Fanny Jackson Coppin was not a Baltimore resident but her incredible legacy looms large over Greater Mondawmin. Coppin was born into slavery in Washington, D.C. in 1837. After an aunt purchased her freedom for $125 at age 12, she moved to Newport, Rhode Island to work as a domestic servant for George Henry Calvert. Calvert was a descendent of the Calvert family that founded the colony of Maryland and whose patriarchs held the title of Lord Baltimore, for which the city of Baltimore is named.

While working for Calvert, Coppin studied at the Rhode Island State Normal School (a “normal” school is an institution for teacher training) and went on to study at Oberlin College in Ohio, the first college to admit both women and African Americans. She graduated in 1865, becoming only the third Black woman in the country to obtain a bachelor’s degree. After graduation, Coppin moved to Philadelphia to teach at the Institute for Colored Youth, which would become Cheyney University, America’s oldest HBCU. Coppin would go on to become the principal of the school and later superintendent, becoming the first Black woman to hold such a position. In 1902, Coppin moved to Cape Town, South Africa with her husband Reverend Levi Coppin to open a ministry in the colony. Coppin returned to Philadelphia in 1907 and passed away in 1913 at age 76.

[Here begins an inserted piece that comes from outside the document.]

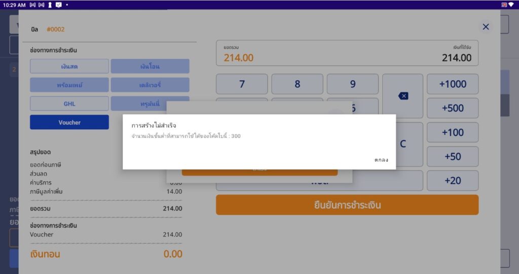 ระบบแจ้งเตือนว่า การสร้างไม่สำเร็จ เนื่องจาก รหัสคูปองที่ผู้ใช้งานกรอกไม่เข้าเงื่อนไขการใช้คูปองบัตรกำนัล
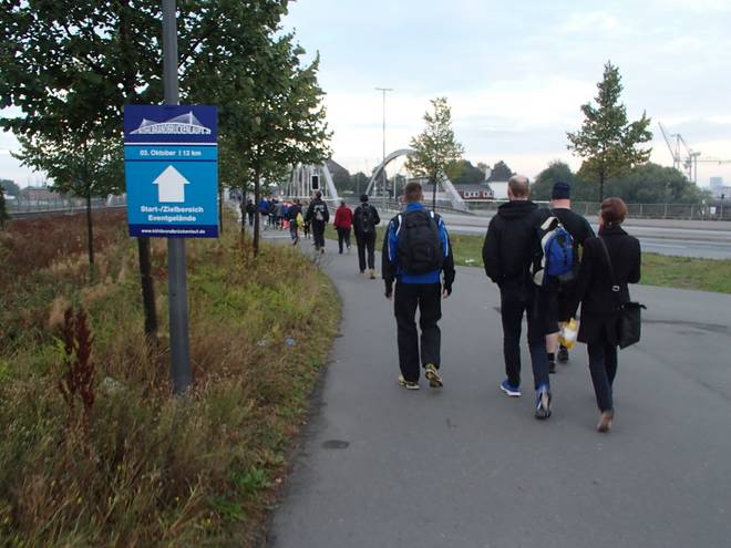 Am Windhukkai 8.46 Uhr Darum ging es. Die zweite Medaille des Wochenendes abgreifen. Mußte ja nur zwölf Kilometer schaffen. In Bremen waren es 42,195 Kilometer. Und ich hatte 1:45 Stunden Zeit. Also alles easy. |

In 1900, a teacher training program began at what was then called the “Colored High and Training School.” This program eventually became its own normal school, which separated formally from the high school in 1907, though it still shared a building. In 1925, the high school moved to a new building in Sandtown and was renamed Frederick Douglass High School. A year later, the normal school was renamed the Fanny Jackson Coppin Normal School, which would go on to become Coppin State University. In 1950, Coppin State would move to its current location on North Avenue and in 1954 Douglass High would relocate to Gwynns Falls Parkway. Today, Coppin State is a large and diverse institution that teaches far more than just teacher training, but its commitment to its namesake’s legacy of excellent educational for all remains.